I am using Oracle 10g. Here is my query
select * from Entries
where RefKey in (select RefKey
from Entries
where KeyStat = 1)
and RefKey = Key;
Here RefKey, Key and KeyStat all are indexed. The table is partitioned on another column which is not being used here. In this query, i am selecting master key (if RefKey = Key then master) currently active (KeyStat = 1). Here is the execution plan of this query using SQLTools 1.21 RC3.
----------------------------------------------------------------------------------------------------------------------
| Id | Operation | Name | Rows | Bytes | Cost (%CPU)| Time | Pstart| Pstop |
----------------------------------------------------------------------------------------------------------------------
| 0 | SELECT STATEMENT | | 1 | 270 | 218K (1)| 00:43:37 | | |
| 1 | NESTED LOOPS SEMI | | 1 | 270 | 218K (1)| 00:43:37 | | |
| 2 | PARTITION RANGE ALL | | 1 | 262 | 218K (1)| 00:43:37 | 1 | 12 |
|* 3 | TABLE ACCESS FULL | ENTRIES | 1 | 262 | 218K (1)| 00:43:37 | 1 | 12 |
|* 4 | TABLE ACCESS BY GLOBAL INDEX ROWID| ENTRIES | 10M| 77M| 3 (0)| 00:00:01 | ROWID | ROWID |
|* 5 | INDEX RANGE SCAN | IND_ENTR_REFKEY| 1 | | 2 (0)| 00:00:01 | | |
----------------------------------------------------------------------------------------------------------------------
I am concerned about ID = 3 "TABLE ACCESS FULL". If all the columns being used in this query are indexed then why oracle is doing full table scan.
How this can be optimized? If i put some values in inner query, it returns much faster.
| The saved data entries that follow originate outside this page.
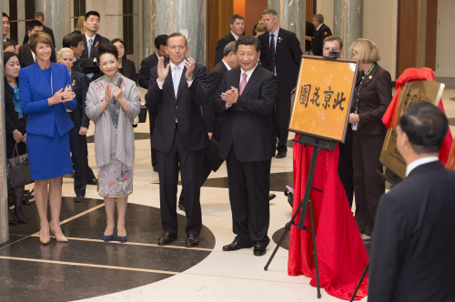 ENHANCING MUTUAL UNDERSTANDING: Visiting Chinese President Xi Jinping (right) and Australian Prime Minister Tony Abbott attend the unveiling ceremony for the Beijing Garden in Canberra, the Chinese culture center in Sydney and the Chinese library of the library of Sydney's University of Technology, in Canberra, on November 17 (MA ZHANCHENG) |
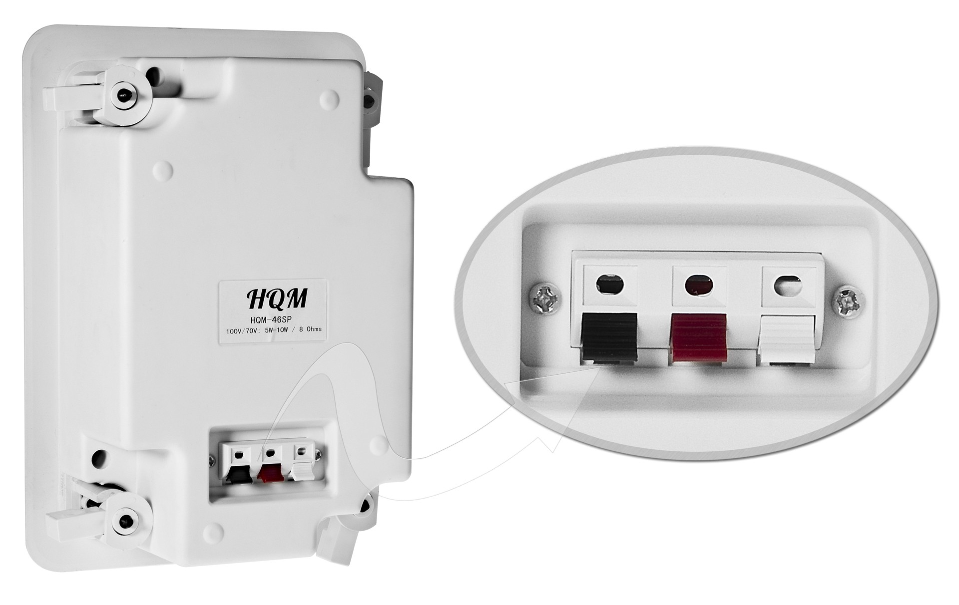 Dwudrożny głośnik HQM 46SP charakteryzuje się możliwością szybkiego i łatwego podłączenia przewodów bez konieczności ingerencji w zawartość urządzenia, to pozwala użytkownikowi na swobodną modyfikację elementów nagłośnienia oraz komfort użytkowania.
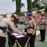 TANGGAMUS – Polres Tanggamus Polda Lampung menggelar korp raport kenaikan pangkat periode 1 Juli 2023 terhadap 28 personel di Lapangan Mapolres setempat,
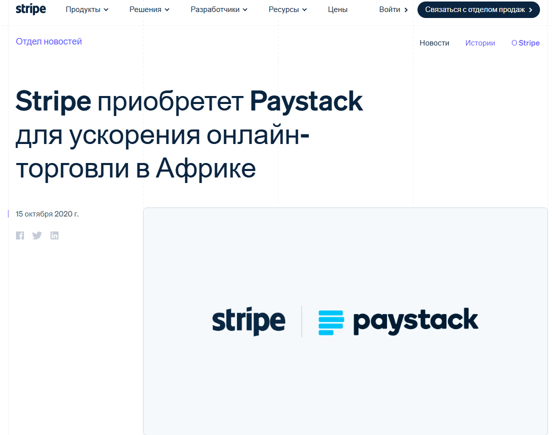 В 2020 году «Пейстек» купила американская Stripe. Это одна из крупнейших платежных компаний мира. После покупки сервис продолжил работу в Африке. Для разработчиков есть API. Можно встроить прием платежей на сайт или в приложение. Компания выпустила PoS-терминалы для оффлайн-точек.

To explain why the sub-query is necessary: I am selecting the whole batch having at least one active key. Refkey is not unique; for instance:
Key=1, RefKey=1, Stat=1
Key=2, RefKey=1, Stat=0
Key=3, RefKey=2, Stat=1
"I am concerned about ID = 3 "TABLE ACCESS FULL". If all the columns being used in this query are indexed then why oracle is doing full table scan."
The optimizer is ignoring the index on KEYSTAT. I would guess this is because KEYSTAT is not very selective (relatively few distinct values) and/or because those values are evenly distributed across the entire range of the ENTRIES table. If a query is going to hit pretty much every block in a table, FULL TABLE SCAN is the best path.
This guess is validated by the increased speed you get by filtering the sub-query.
As the others have suggested, refactoring your statement to remove the sub-query would be the best way to improve performance.
"There would be millions of entries having KeyStat= 0, only few in 1000s will have 1 so using index will be beneficial."
Skewed datadistribution is often a source of performance problems. You see, the thing is, the database doesn't know that KEYSTAT=1 is vastly more selective than KEYSTAT=0. Unless we tell it, which is why you might want to consider creating histograms when you gather statistics on that index. Find out more.
Note that histograms can cause problems as well as solve them, especially with queries which use bind variables instaead of literals. So benchmark in a sandpit before putting them into production.